2020年トリニティ・テクノロジー株式会社を創業。
「第2創業」への決意と社会課題への挑戦
磨社長は、司法書士を中心とする士業グループを約10年間運営した後、「第2創業」としてトリニティ・テクノロジーを設立しました。これは、社会性の高いサービスをより多くの人々に届け、顧客に安心を提供するために、株式上場を目指す「パブリックカンパニー」化を決意したためです。
2020年の創業以来、超高齢社会の課題を解決する5つのサービスを展開しており、特に「おやとこ」は、認知症による資産凍結を防ぐため家族信託の仕組みと資産管理アプリを組み合わせたフラッグシップサービスです。
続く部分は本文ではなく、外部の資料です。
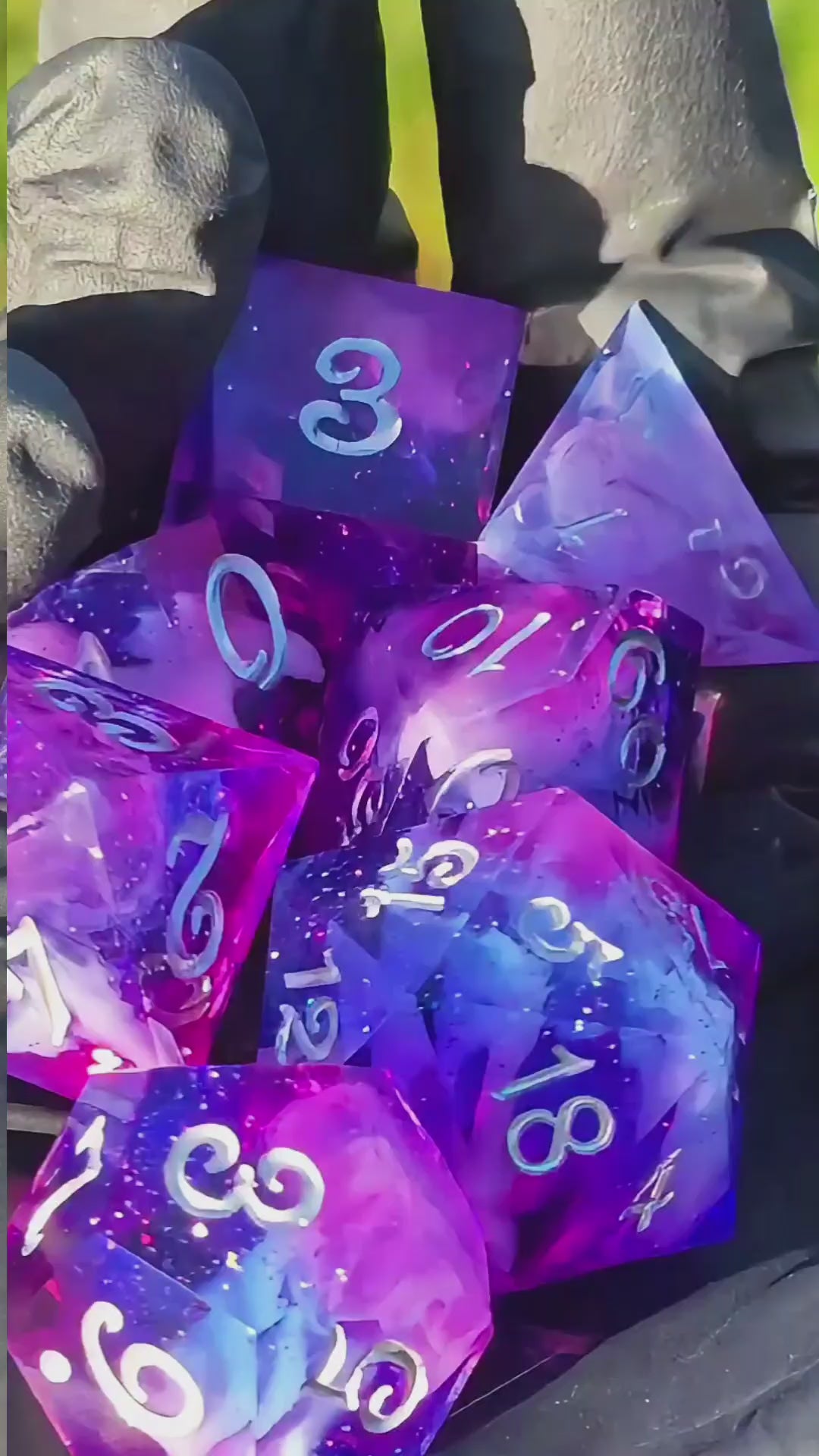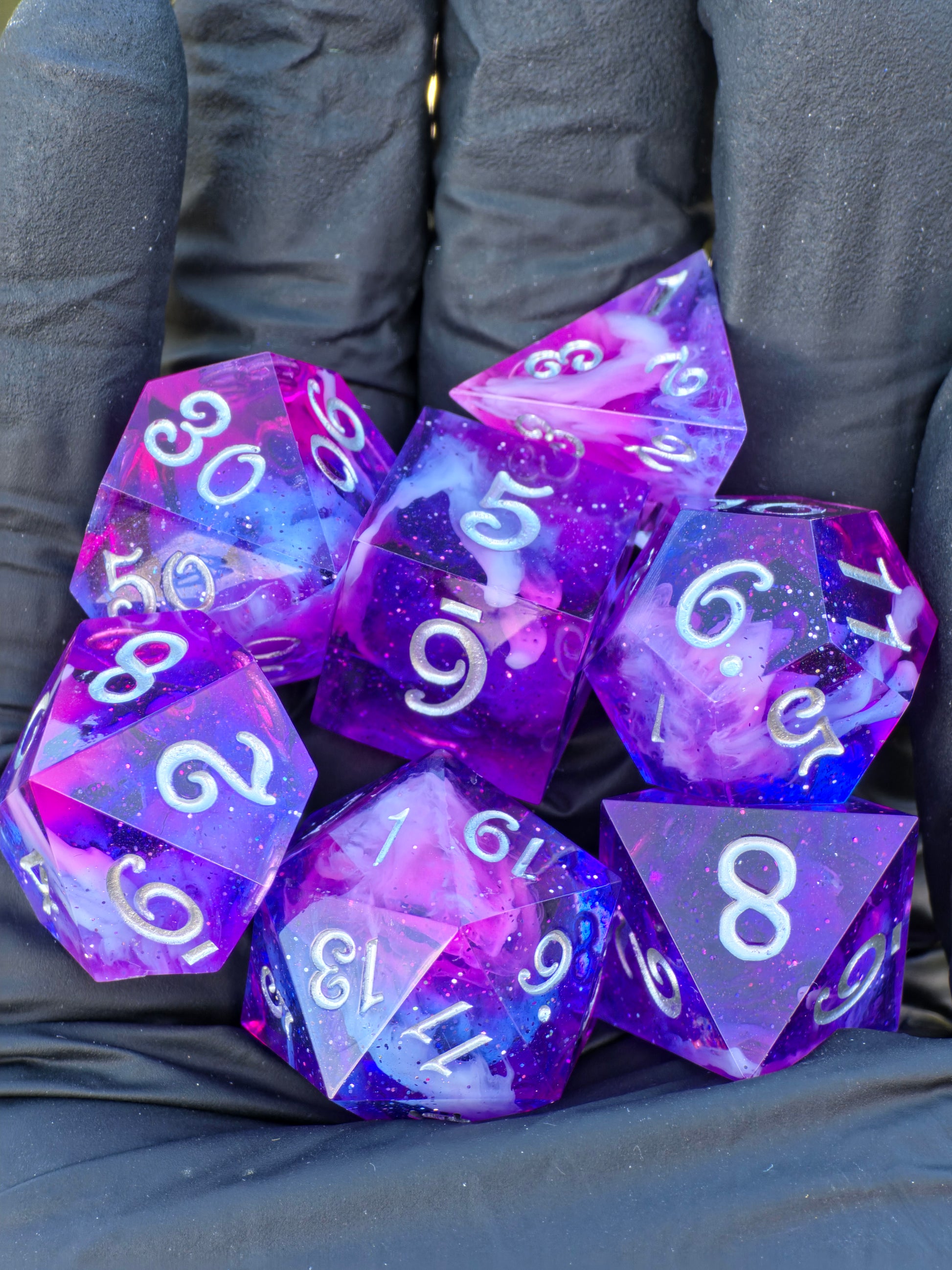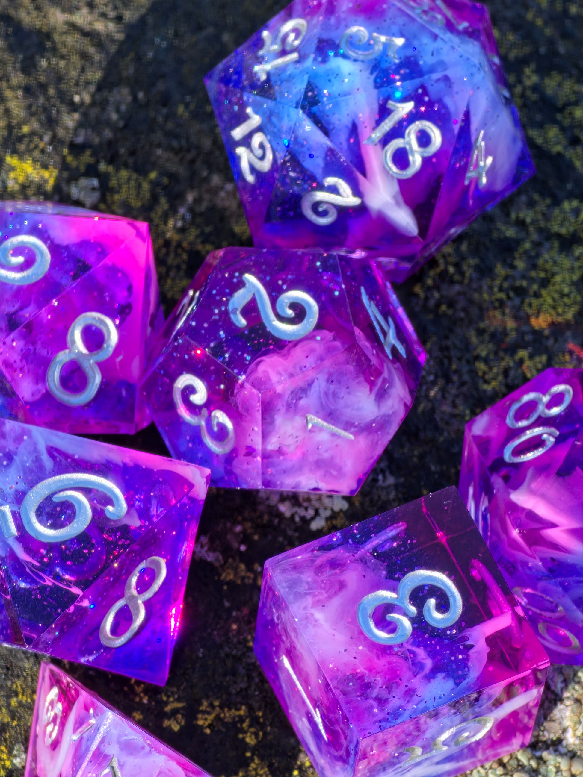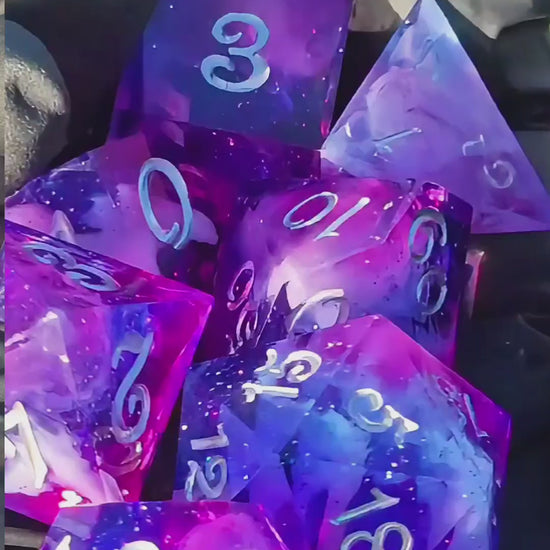 “Nebula Heart Galaxy” – a handcrafted polyhedral dice set that looks as if a piece of a cosmic nebula has been preserved in resin.

その他、「おひさぽ」「スマホde相続」「従業員承継パートナーズ」「TRINITY LABO.」を提供しています。
会社の経営理念は、「トリニティ」という社名に込められた「三方よし」(売り手よし、買い手よし、世間よし)であり、持続的に人の役に立つための基盤と考えています。
また、ミッションとして「超高齢社会の課題を解決し、ずっと安心の世界をつくる」を掲げており、さらに、ビジョンに「世界一のエイジテックカンパニーになる」を据えることで、「安心」を顧客に届けるうえで、ナンバーワンのブランドであることが重要だと捉えているそうです。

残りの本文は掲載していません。